One Hundred Thousand Starving Children in Pakistan
One Hundred Thousand Starving Children in Pakistan
Over one hundred thousand children are in danger of dying from malnutrition in Pakistan, UNICEF warns.
UNICEF currently estimates there will be approximately 105,000 new cases of children suffering from dangerous levels of malnutrition in the next six months, following the extreme floods.
Severe acute malnutrition in children increases the chances of death by as much as 10 times but is easily prevented through early identification and treatment of severe acute malnutrition combined with access to clean drinking water and hygiene.
Even before the floods, the situation was very serious. Now, with an estimated 20 million people affected, of which 2.8 million are children under the age of five, an already very difficult situation has been made far worse. This is due largely to the increase in acute watery diarrhoea and respiratory diseases.
UNICEF together with the Government of Pakistan, other UN agencies, NGO partners and the International Red Crescent and Red Cross is rapidly responding to the situation.
Screening and treatment of children with severe acute malnutrition before they need urgent medical intervention, is already being swiftly scaled up by UNICEF and partners.

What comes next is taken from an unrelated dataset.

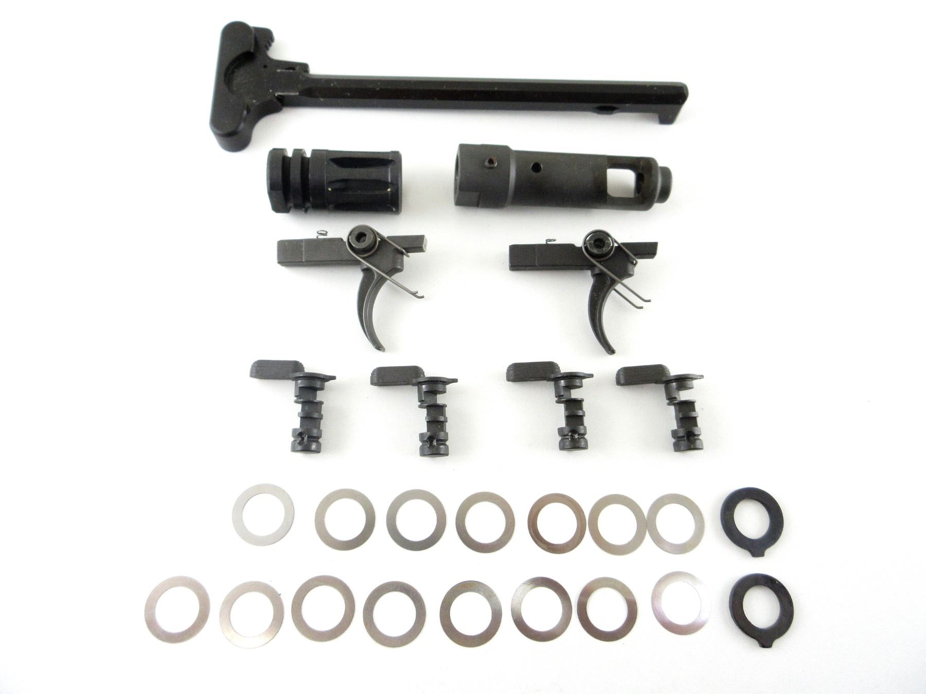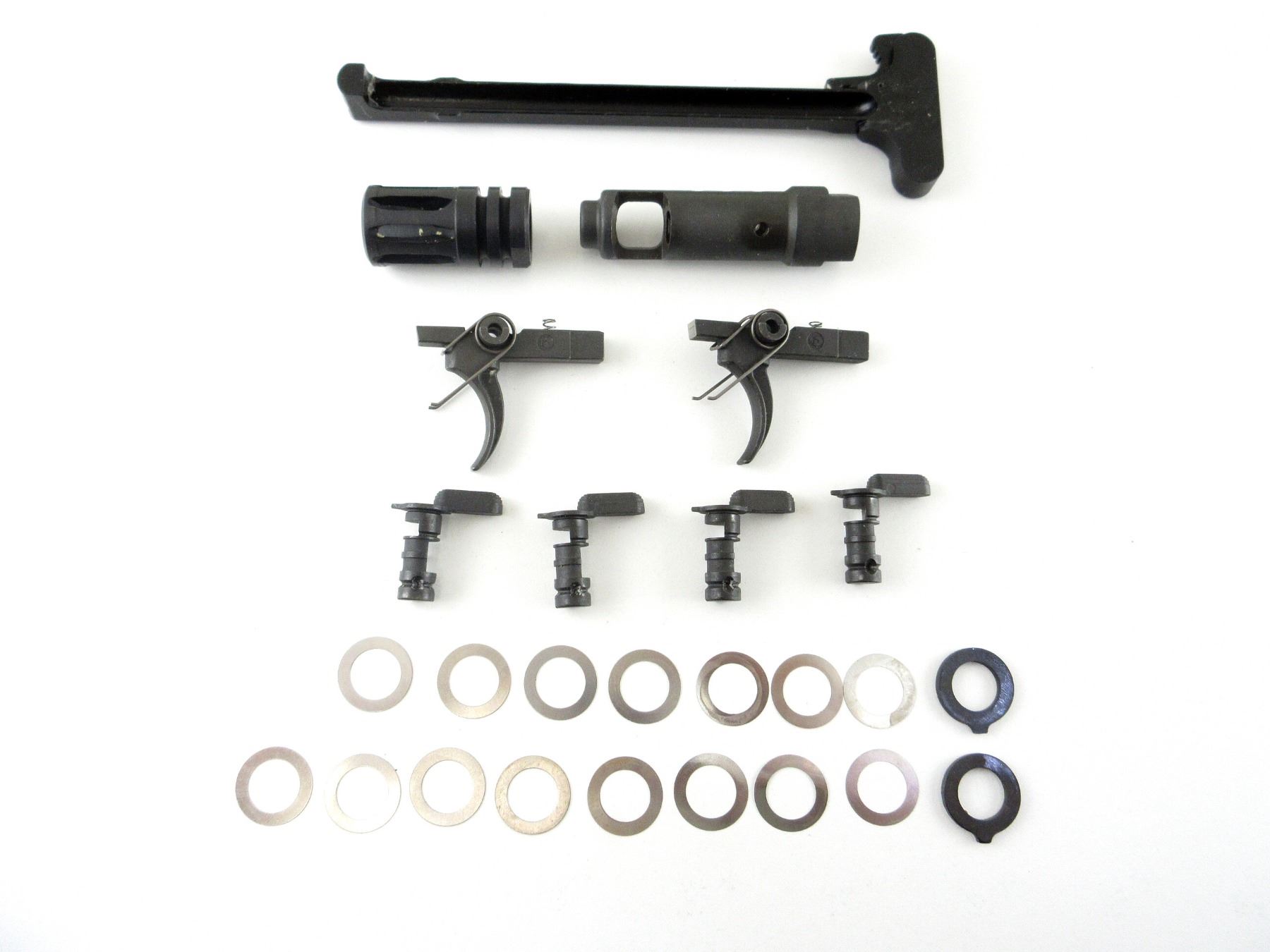 LOT INCLUDES; TRIGGERS WITH SPRINGS, SAFETIES, FLASH HIDER, WASHERS, COCKING HANDLE, AK74 STYLE MUZZLE BRAKE, ETC. MAY REQUIRE FITTING. SEE PHOTOS.

Caregivers are being trained and provided with essential medicines as well as specially formulated ready-to-use therapeutic foods (RUTF) for children identified as malnourished.
So far over two thousand people have died in the flooding in Pakistan floods which began in late July, and in many areas have still not receded.
“When ever you get a major disaster, as in Pakistan, it is always the children that are the worse-affected,“said UNICEF New Zealand’s executive director, Dennis McKinley.
“Children, particularly young children are much more susceptible to disease than adults.
“These children were probably in bad shape before the disaster – and the floods may be the last straw for them,” he says.
UNICEF is scaling up its operation in Pakistan, to over 400 people and has revised its funding targets.
UNICEF’s revised funding requirement is NZ$ 356 million, and currently has a remaining funding gap of US $213 million.